Nikolai
Nikolai

Reputation: 3134

Why can't I copy-initialize a stringstream from a string?

The following code fails in GCC, Clang and Visual Studio:

#include <string>
#include <sstream>

int main() {
    std::string s = "hello"; // ok, copy-initialization
    std::stringstream ss1(s); // ok, direct-initialization
    std::stringstream ss2 = s; // error
}

I thought the only case where direct-initialization works while copy-initialization doesn't is when the constructor is explicit, which it is not in this case.

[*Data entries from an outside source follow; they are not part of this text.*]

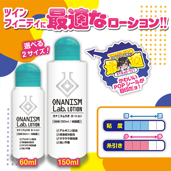 人気のオナホシリーズ『ツインフィニティシリーズ』に最適なオナホ用ローションが遂に出た!!オナホに最適な粘度感で、内部でよく馴染む。アルギニン配合で、ベストな状態をキープしながらガチガチシコシコ♪サッとひと拭き洗い不要で楽チンチン。純国産だから安心安全に使えちゃう。もちろん、ツインフィニティ以外のオナホに使っても楽しめる!ひとつ上のオナニー体験がさらに加速する…オナニズムラボローションで新しい快感を手に入れよう♪150mlタイプはたっぷり使えるノーマルサイズ
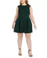 Aproximadamente 61 cm de comprimento, do centro do pescoço até a bainha. O comprimento é baseado no tamanho 2X e varia 1,5 cm entre os tamanhos. | Gola redonda; modelagem justa e flare | Zíper nas costas e fecho de botão tipo fechadura | Acabamento em renda de crochê nos ombros; saia plissada; bolsos nos quadris | Sem forro | Poliéster/elastano
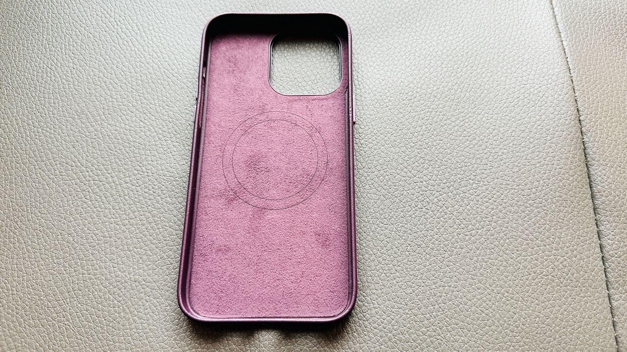 비닐을 뜯어 보면 안쪽에는 이렇게 정품 가죽 케이스와 마찬가지로 부들부들한 벨벳 같은 재질로 처리되어 있습니다. 맥세이프 링 모양이 보이네요. 저는 보라색을 구입하였습니다.
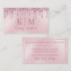 Diese stilvolle Visitenkarte ist mit einem glamourösen, gürtelfarbenen Hintergrund in Rosa und Rosa ausgestattet. Die hellrosa Glitzer-Sequenzen tropfen über den oberen Teil. Monogramm-Initialen werden unter dem Glitzer platziert, gefolgt von einem Beispielnamen, der in einem eleganten Script-Schriftart gedruckt wird. Die Rückseite der Visitenkarte weist einen Hintergrund mit einem weichen, rosa Glitzer auf.
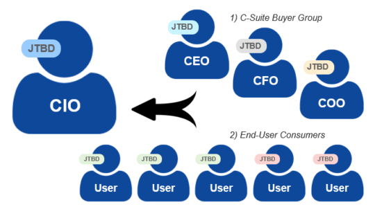 Figure 1:  How JTBDs are “rolled up” to the CIO for communications solutions from 1) C-suite buyer groups and 2) end-user consumers
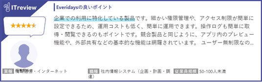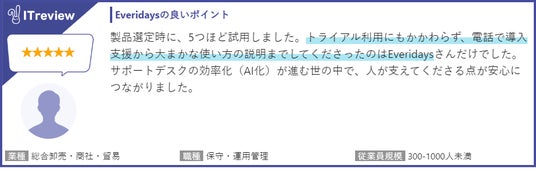 ITreviewでは、5点満点中「4.5点」と高評価をいただいております。(2025/6時点)
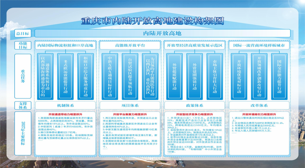 重庆市内陆开放高地建设构架图发布 确定1个总目标、4大功能目标、12项重点任务
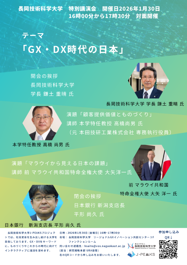 2026年1月30日(金)、J-PEAKS特別講演会「GX・DX時代の日本」を本学リージョナルGXイノベーション共創センター ファンクションルームにて開催しました。
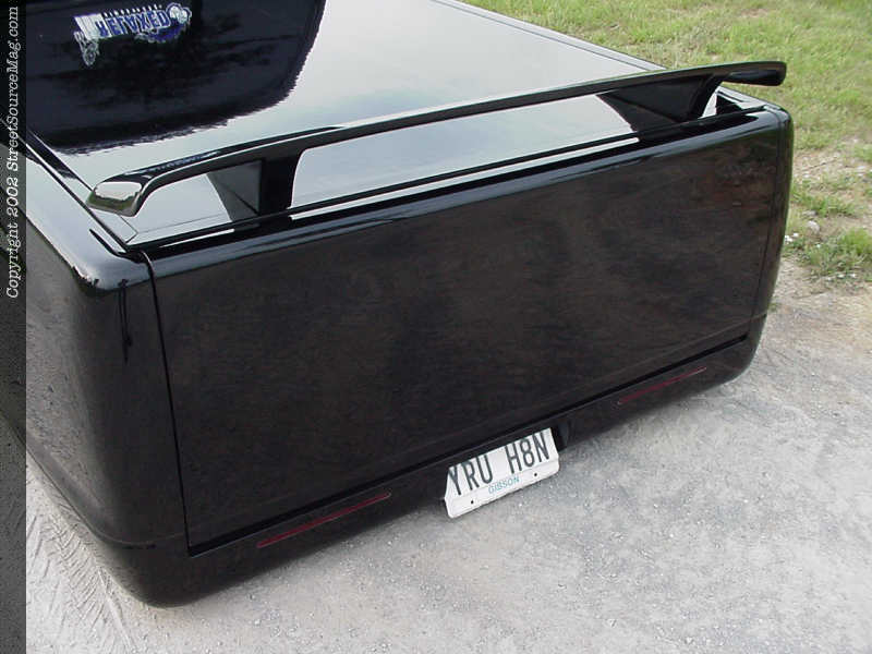 First, the normal items were removed from Josh's Dodge including the door handles, emblems, 3rd brake light and antenna. The gas filler door was also shaved and the filler neck moved to the inside of the bed.  Continuing with the shaving process, KUSTOMWERKS smoothed the entire rear end of Josh's Dodge by shaving the tailgate handle and the taillights, before molding in a Sir Michaels steel rolls pan.
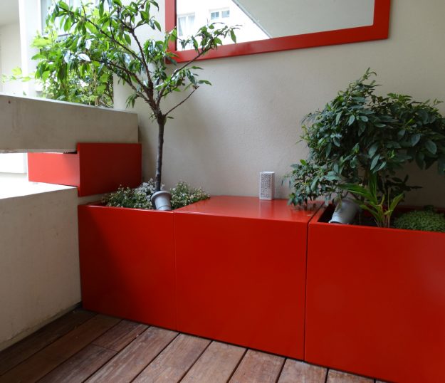Un ensemble unique composé de Bacs à fleurs, Banquette, Rangement … Une étude complète et personnalisée a été réalisée pour répondre à cette problématique globale d’aménagement de cette loggia parisienne.
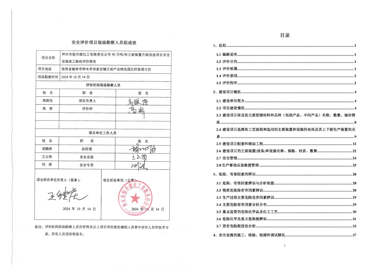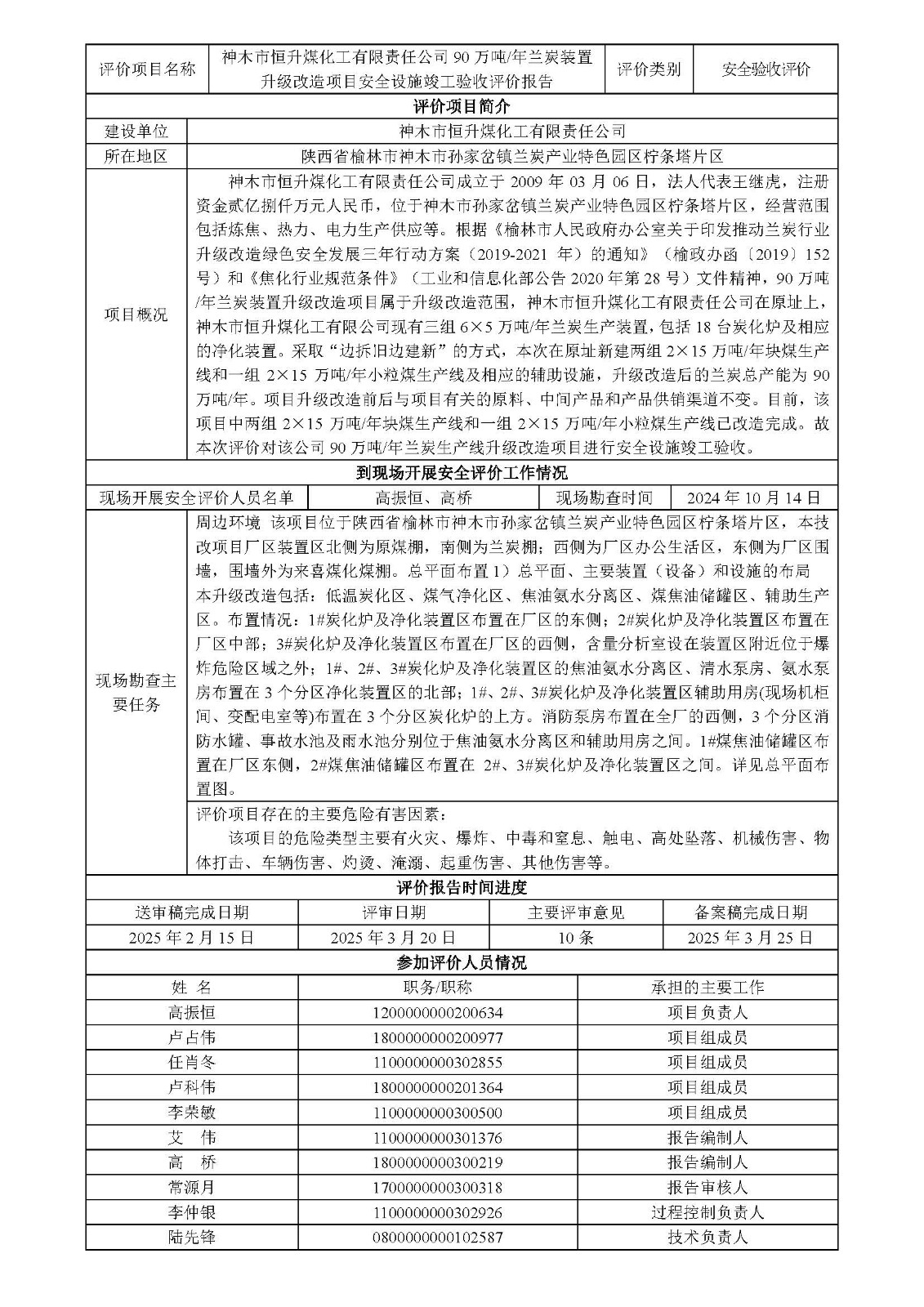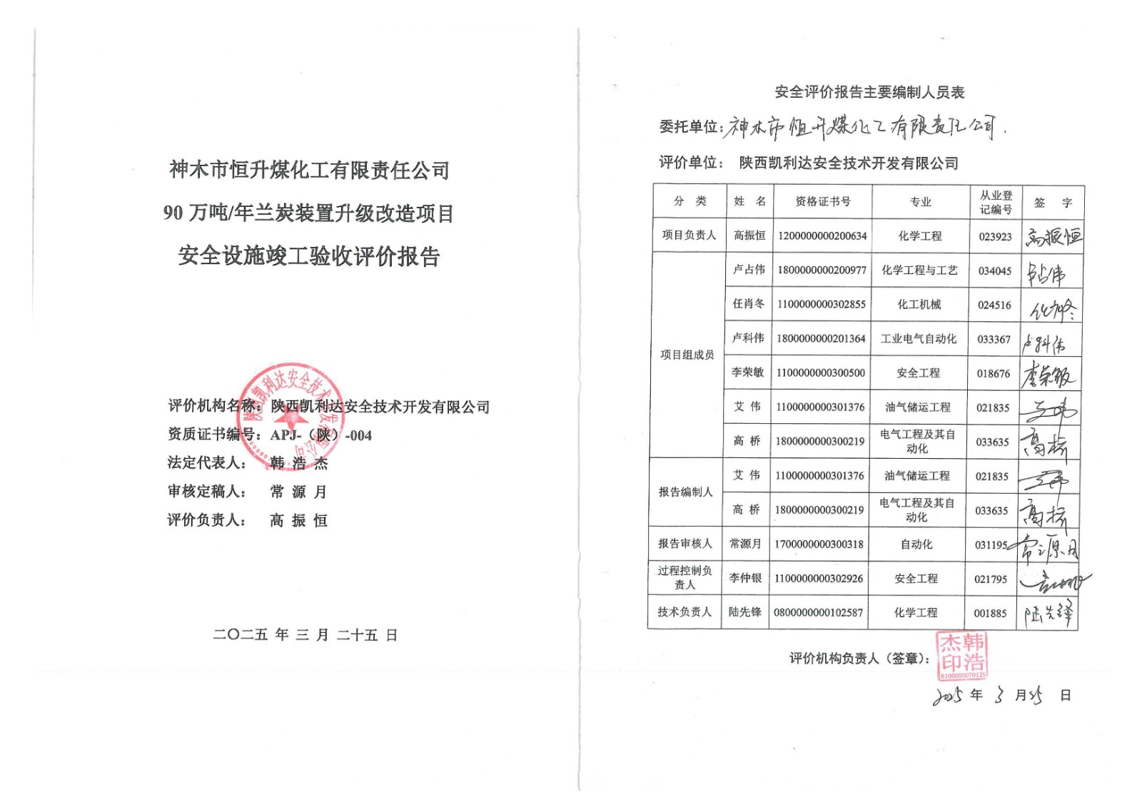 KLDAP-[2024]-2.23神木市恒升煤化工有限責(zé)任公司90萬噸年蘭炭裝置升級改造安全設(shè)施竣工驗收評價報告

What's going on?

Upvotes: 4

Views: 2781

Answers (1)

GManNickG
GManNickG

Reputation: 503805

That constructor is marked explicit, so can only be used with direct-initialization. §27.8.5:

explicit basic_stringstream(
ios_base::openmode which = ios_base::out | ios_base::in);

explicit basic_stringstream(
const basic_string<charT,traits,Allocator>& str,
ios_base::openmode which = ios_base::out | ios_base::in);

basic_stringstream(const basic_stringstream& rhs) = delete;

basic_stringstream(basic_stringstream&& rhs);

(The same is true for basic_stringbuf, basic_istringstream, and basic_ostringstream.)